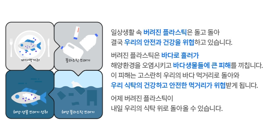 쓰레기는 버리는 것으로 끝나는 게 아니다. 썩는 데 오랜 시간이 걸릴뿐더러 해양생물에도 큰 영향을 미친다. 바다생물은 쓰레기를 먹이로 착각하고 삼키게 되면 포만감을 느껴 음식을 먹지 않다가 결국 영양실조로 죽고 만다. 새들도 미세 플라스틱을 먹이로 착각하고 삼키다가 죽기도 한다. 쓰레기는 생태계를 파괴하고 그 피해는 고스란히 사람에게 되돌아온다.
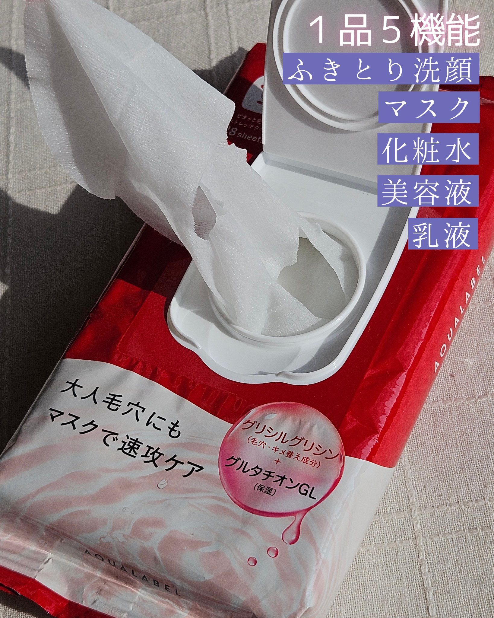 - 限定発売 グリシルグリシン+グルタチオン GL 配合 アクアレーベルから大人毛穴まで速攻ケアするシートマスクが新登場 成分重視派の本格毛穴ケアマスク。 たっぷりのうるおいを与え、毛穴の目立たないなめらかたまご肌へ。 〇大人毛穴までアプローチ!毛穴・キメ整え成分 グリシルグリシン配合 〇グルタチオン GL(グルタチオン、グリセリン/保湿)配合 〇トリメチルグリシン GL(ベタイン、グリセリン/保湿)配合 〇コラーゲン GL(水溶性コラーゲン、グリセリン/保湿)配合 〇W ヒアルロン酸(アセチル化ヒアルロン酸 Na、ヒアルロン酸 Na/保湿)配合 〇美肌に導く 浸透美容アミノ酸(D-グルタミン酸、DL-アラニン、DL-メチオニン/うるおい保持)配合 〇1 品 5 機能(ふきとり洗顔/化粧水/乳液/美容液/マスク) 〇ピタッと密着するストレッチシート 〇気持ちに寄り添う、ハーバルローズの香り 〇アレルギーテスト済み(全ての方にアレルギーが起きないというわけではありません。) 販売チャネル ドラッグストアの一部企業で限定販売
...
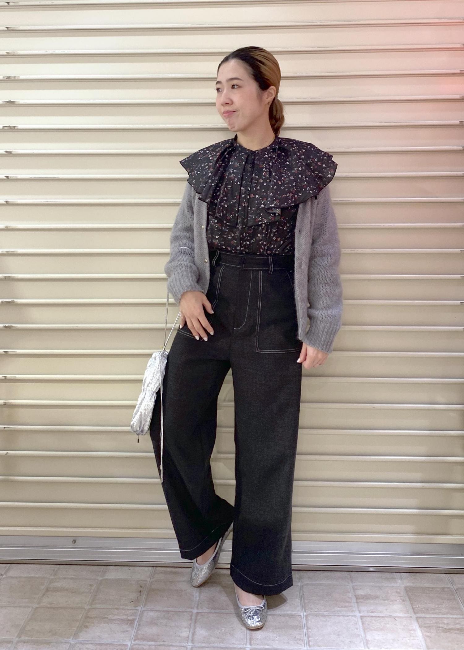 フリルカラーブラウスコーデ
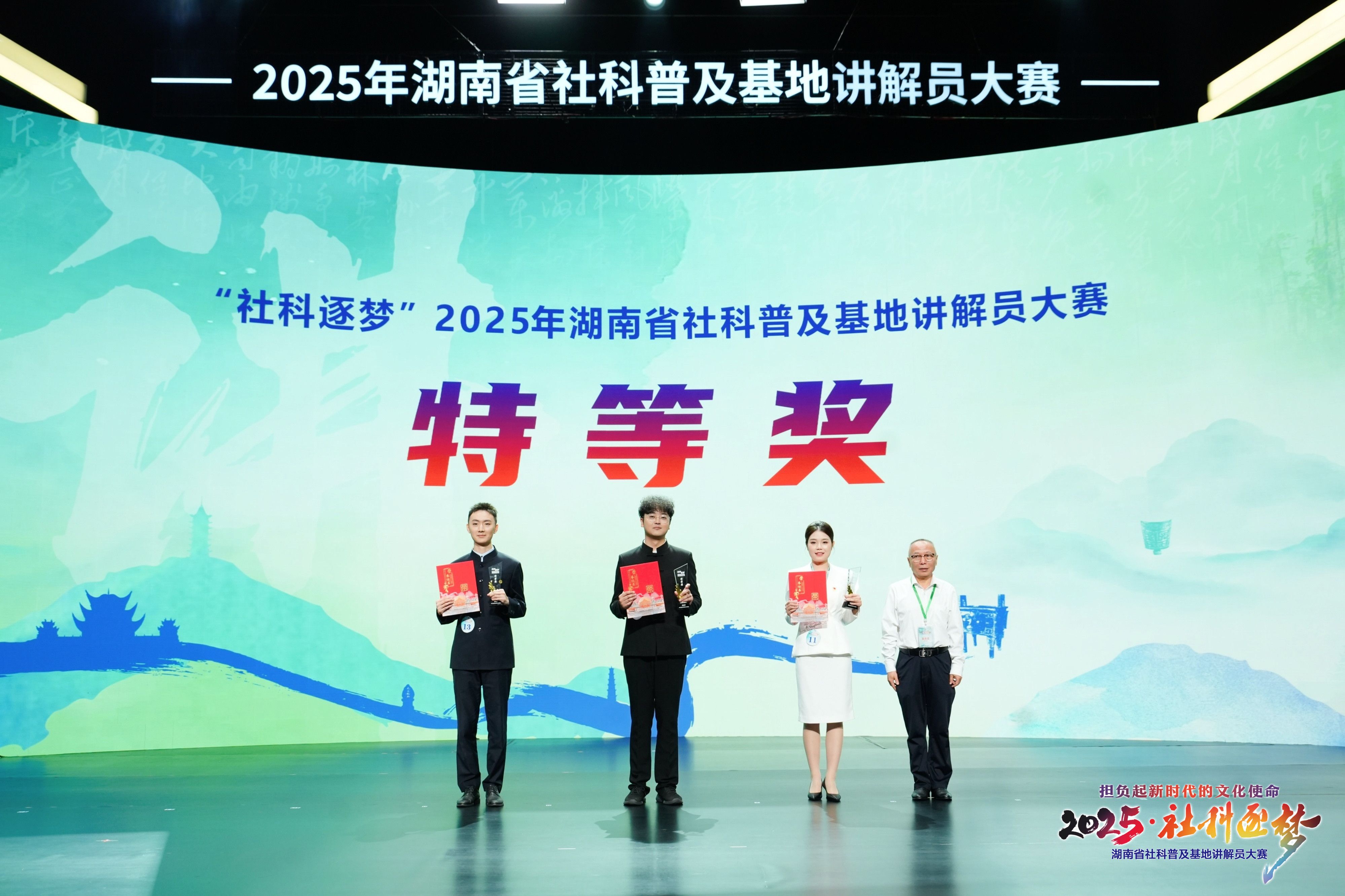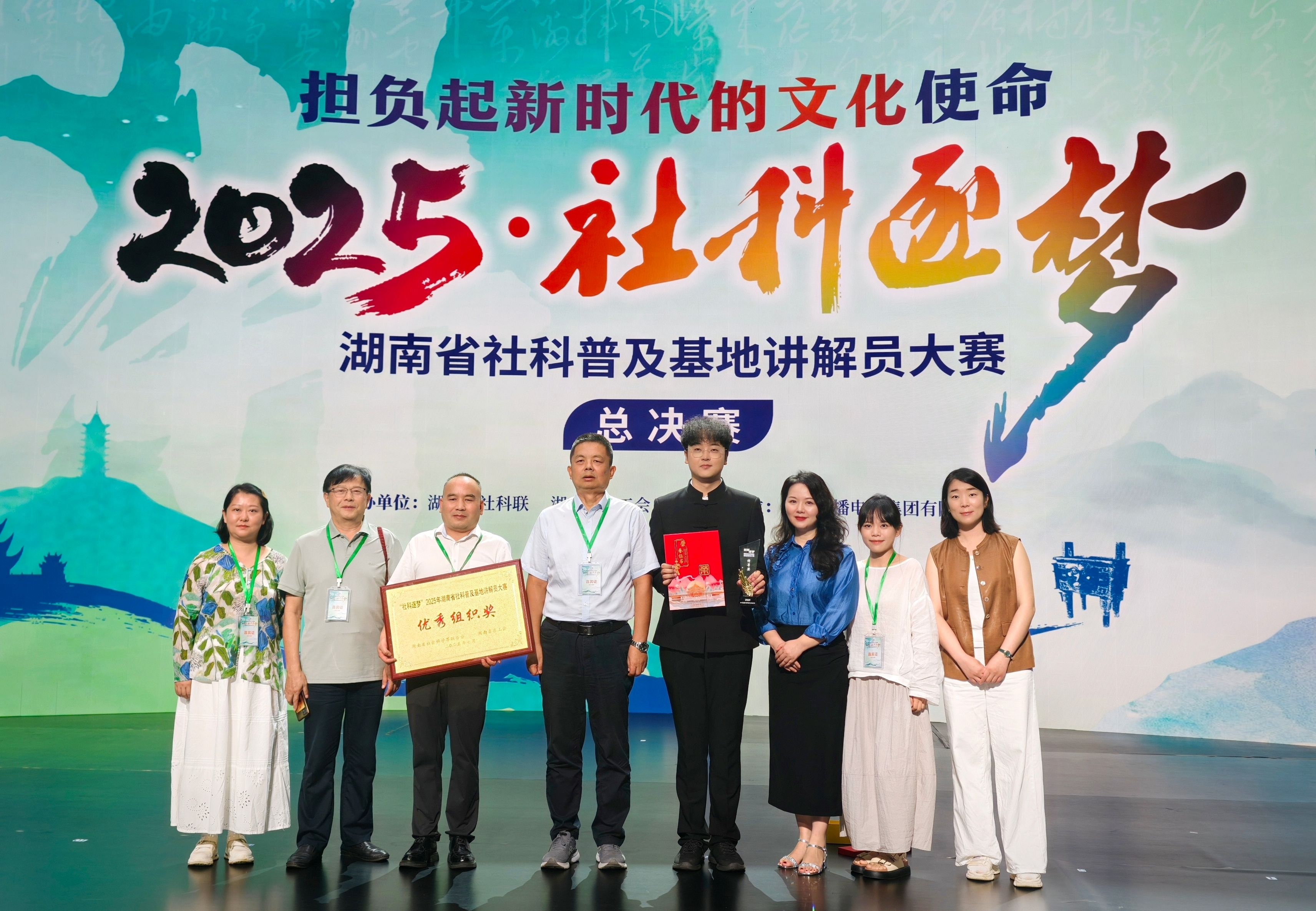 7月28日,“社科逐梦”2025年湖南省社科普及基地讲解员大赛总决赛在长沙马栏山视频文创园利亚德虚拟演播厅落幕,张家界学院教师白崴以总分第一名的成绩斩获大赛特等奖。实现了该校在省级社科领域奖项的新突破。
* * *
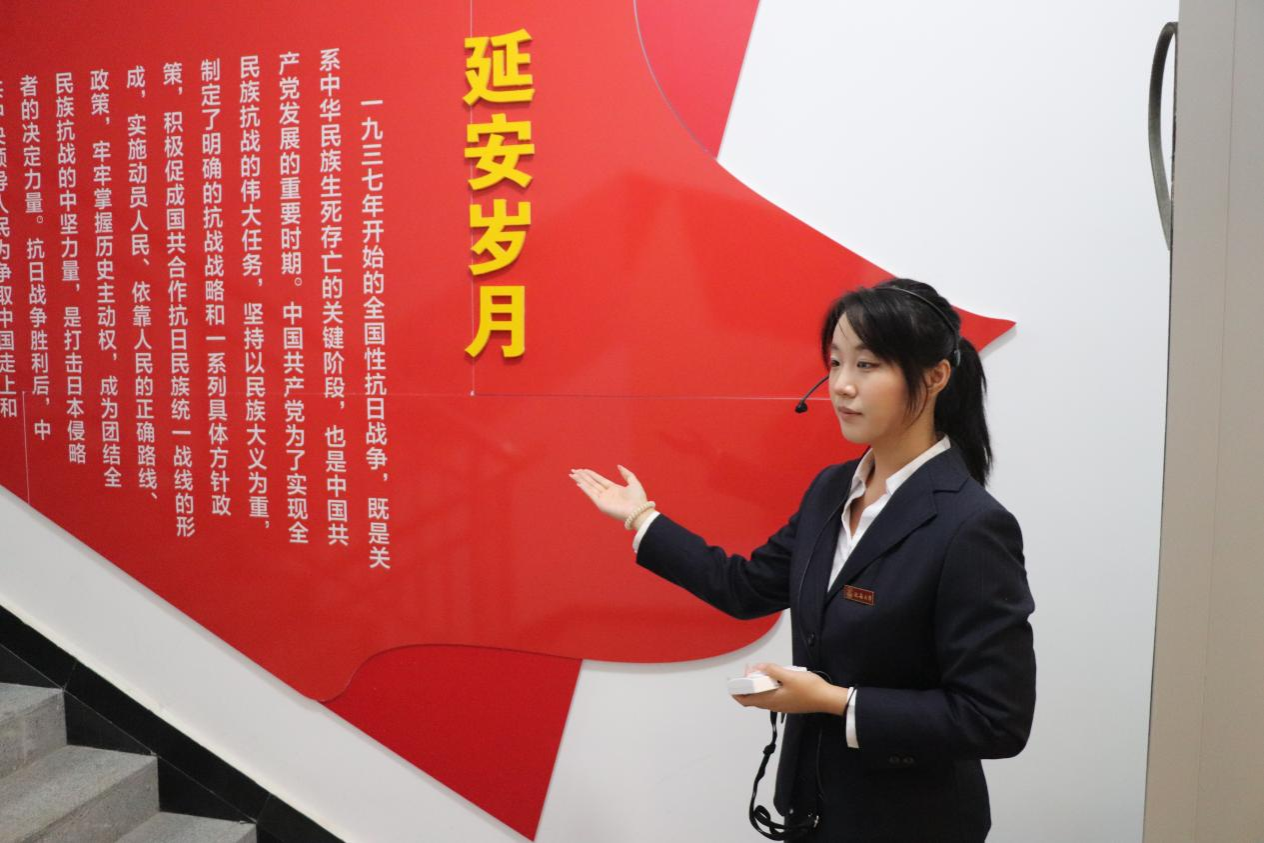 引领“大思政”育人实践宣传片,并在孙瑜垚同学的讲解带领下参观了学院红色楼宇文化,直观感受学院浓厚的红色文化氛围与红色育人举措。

● Your objective: Copy the lines above exactly, starting with the line that contains "쓰레기는 버리는 것으로" and ending with the line that contains "- 限定発売 グリシルグリシン+グルタチオン", and leave out any pictures.

● Solution for this problem:
 쓰레기는 버리는 것으로 끝나는 게 아니다. 썩는 데 오랜 시간이 걸릴뿐더러 해양생물에도 큰 영향을 미친다. 바다생물은 쓰레기를 먹이로 착각하고 삼키게 되면 포만감을 느껴 음식을 먹지 않다가 결국 영양실조로 죽고 만다. 새들도 미세 플라스틱을 먹이로 착각하고 삼키다가 죽기도 한다. 쓰레기는 생태계를 파괴하고 그 피해는 고스란히 사람에게 되돌아온다.
 - 限定発売 グリシルグリシン+グルタチオン GL 配合 アクアレーベルから大人毛穴まで速攻ケアするシートマスクが新登場 成分重視派の本格毛穴ケアマスク。 たっぷりのうるおいを与え、毛穴の目立たないなめらかたまご肌へ。 〇大人毛穴までアプローチ!毛穴・キメ整え成分 グリシルグリシン配合 〇グルタチオン GL(グルタチオン、グリセリン/保湿)配合 〇トリメチルグリシン GL(ベタイン、グリセリン/保湿)配合 〇コラーゲン GL(水溶性コラーゲン、グリセリン/保湿)配合 〇W ヒアルロン酸(アセチル化ヒアルロン酸 Na、ヒアルロン酸 Na/保湿)配合 〇美肌に導く 浸透美容アミノ酸(D-グルタミン酸、DL-アラニン、DL-メチオニン/うるおい保持)配合 〇1 品 5 機能(ふきとり洗顔/化粧水/乳液/美容液/マスク) 〇ピタッと密着するストレッチシート 〇気持ちに寄り添う、ハーバルローズの香り 〇アレルギーテスト済み(全ての方にアレルギーが起きないというわけではありません。) 販売チャネル ドラッグストアの一部企業で限定販売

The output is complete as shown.